Know what to expect: Mortgage Brokers vs. Loan Officers
Either a mortgage broker or a mortgage banker may assist you when you're looking to get a mortgage loan. Because both a mortgage broker and lending officer can help you purchase your new home, people sometimes confuse the two. However, it is important to know the ways they differ so you have clear expectations of them as you enter your mortgage application process.
About Mortgage Brokers
A mortgage broker (either a group or an individual) is an independent agent for the mortgage loan applicant as well as the lender. A mortgage broker coordinates things for you and your lender, which can be one of the following: a credit union, bank, trust company, finance company, mortgage corporation or even an individual, private investor. Acting as a facilitator between you and your lender, your mortgage broker can match you with a bank, trust company, credit union, mortgage corporation, finance company or even a private investor. You work with a mortgage broker to analyze your financial situation and find the lender who has the right mortgage loan for you.
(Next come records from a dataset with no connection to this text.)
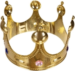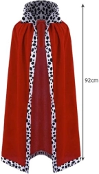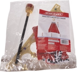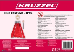 Met deze complete set tover je je kind in een oogwenk om tot een betoverende koning. Mantel van zachte stof in diep rood met zwart-witte bontbies en lange koorden om comfortabel en zeker te dragen. Lichte scepter met rode “edelsteen” geeft het kostuum autoriteit en de flexibele gouden kroon met gekleurde steentjes maakt de koninklijke uitstraling af.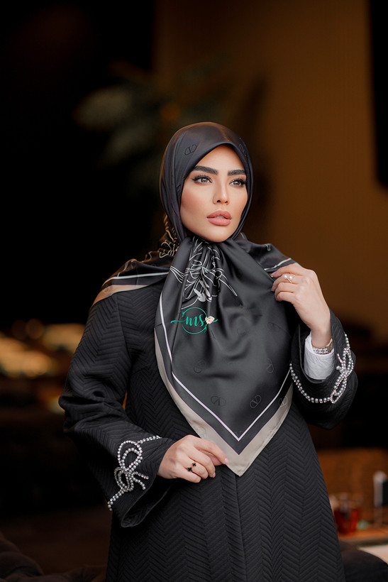 روسری ابریشم ژاکارد طرح گل لیلیوم والنتینو رنگ مشکی کرم
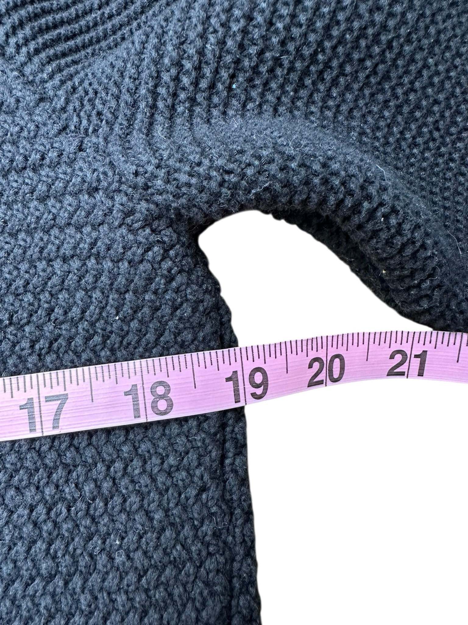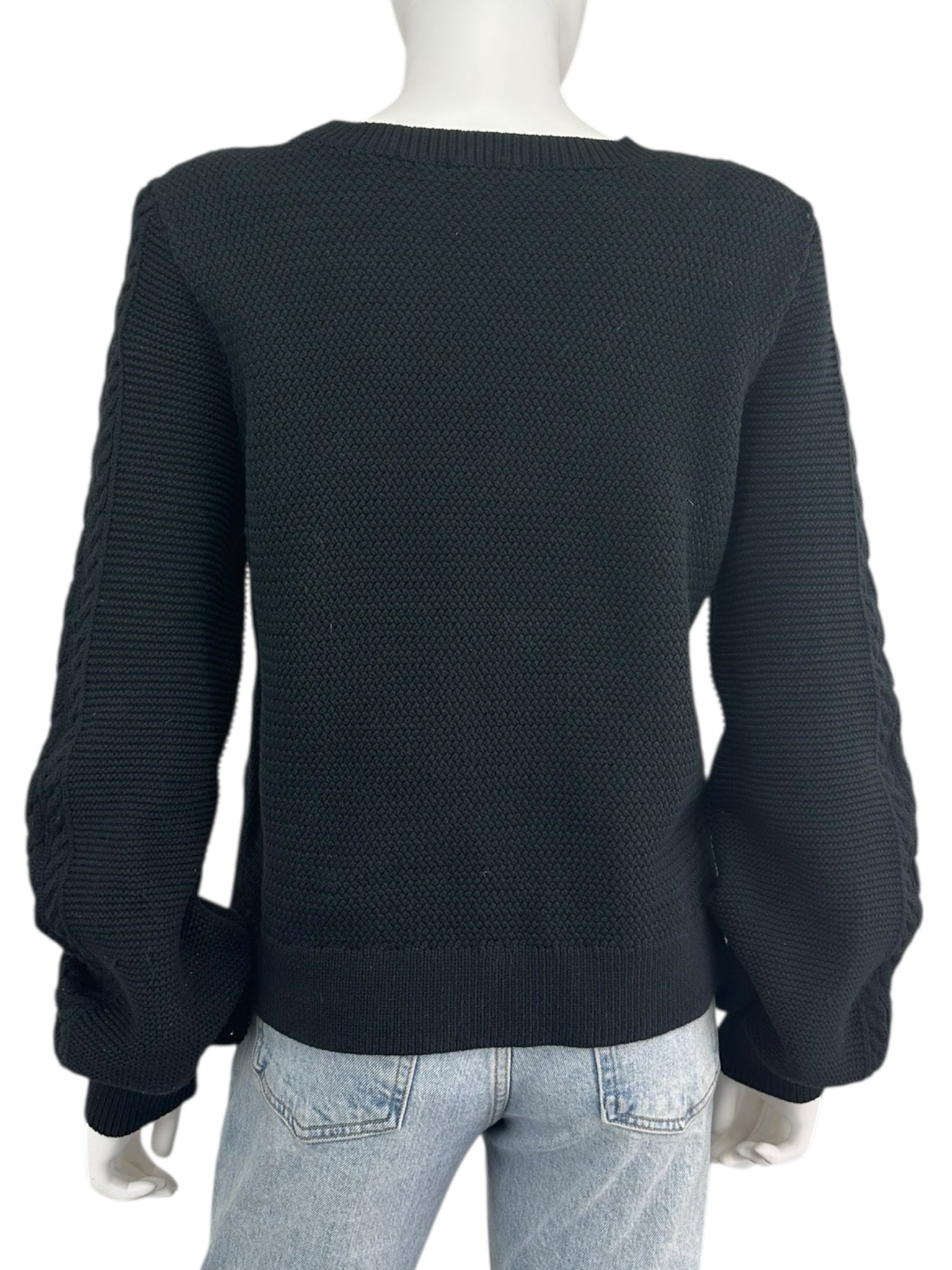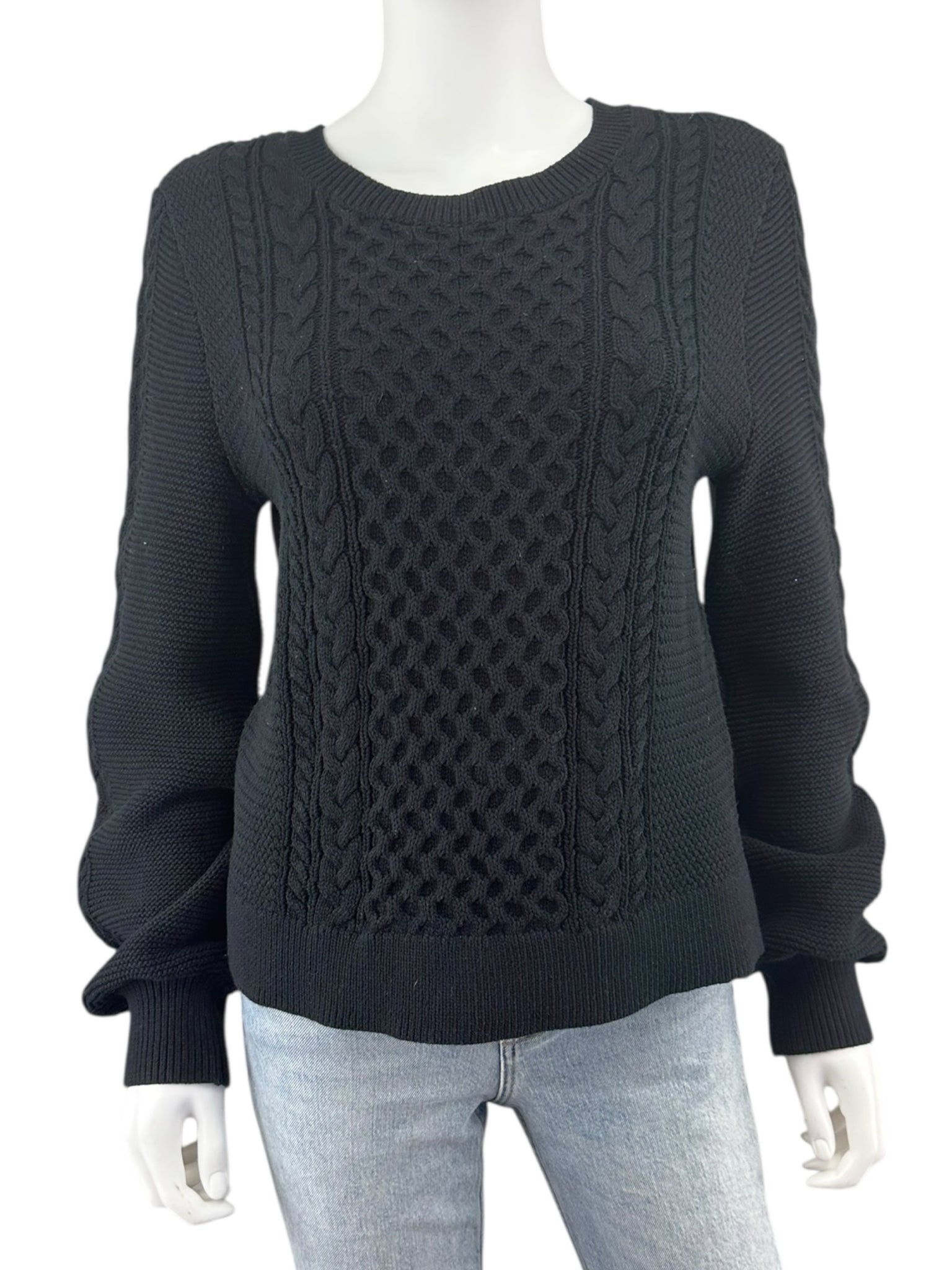 Black cotton blend pullover cable knit sweater with long balloon sleeves.

You deliver your mortgage application to your broker, who submits it to several lenders. Your mortgage broker then guides your work with the lender chosen until closing. The broker gets a commission from the borrower at closing.
About Loan Officers
Lending Institutions (banks, finance companies, and others) employ loan officers to offer, and process mortgage loans solely on behalf of that particular institution. They may have the ability to offer loans to fit a variety of situations, but all the loans are products from the same lender.
Also called a "loan representative" or "account executive," a mortgage banker represents the borrower to the lender. The borrower is guided through the entire process, from finding a loan to closing, by the mortgage banker. Either a salary or commission is paid to loan officers by their employers.